→ Requirement
What is needed is an exact copy of the lines in the entries below from the one holding "Hest i bronze på flad sten" through the one holding "PPR (S) Wheel", pictures excluded.

→ Data for analysis
^^^^^^^^^^^^^^^^

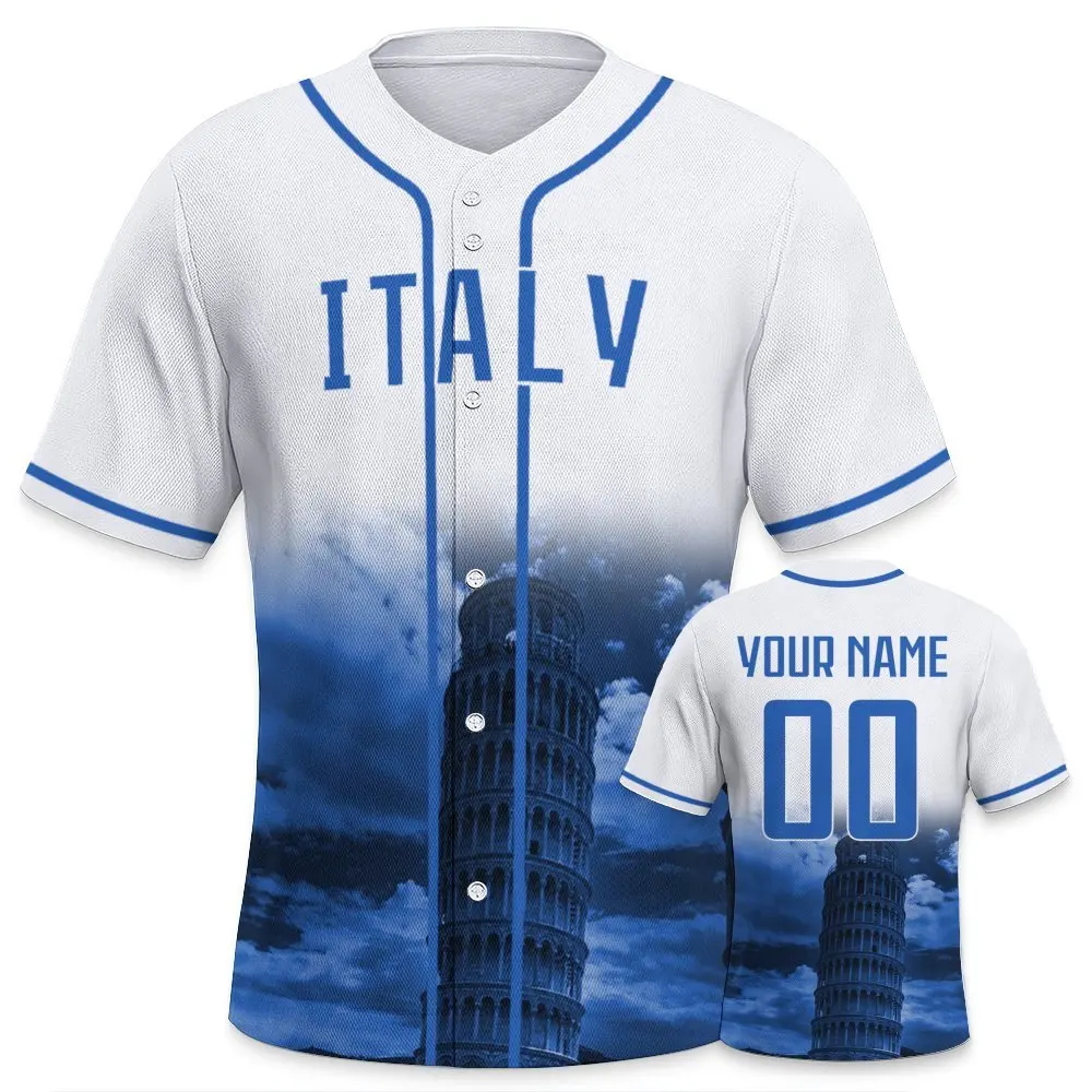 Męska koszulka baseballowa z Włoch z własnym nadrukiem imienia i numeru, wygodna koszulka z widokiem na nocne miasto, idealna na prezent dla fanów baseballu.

^^^^^^^^^^^^^^^^

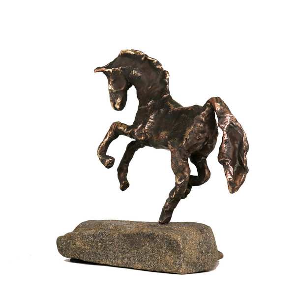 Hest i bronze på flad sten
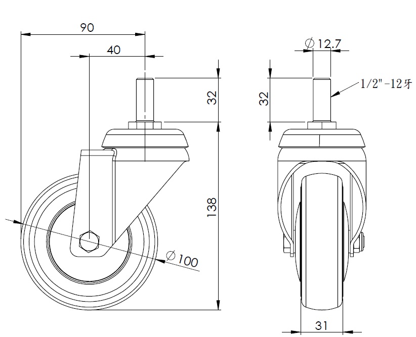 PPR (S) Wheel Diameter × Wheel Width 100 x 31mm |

^^^^^^^^^^^^^^^^

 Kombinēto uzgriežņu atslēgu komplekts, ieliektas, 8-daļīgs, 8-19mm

^^^^^^^^^^^^^^^^

→ Exercise output
 Hest i bronze på flad sten
 PPR (S) Wheel Diameter × Wheel Width 100 x 31mm |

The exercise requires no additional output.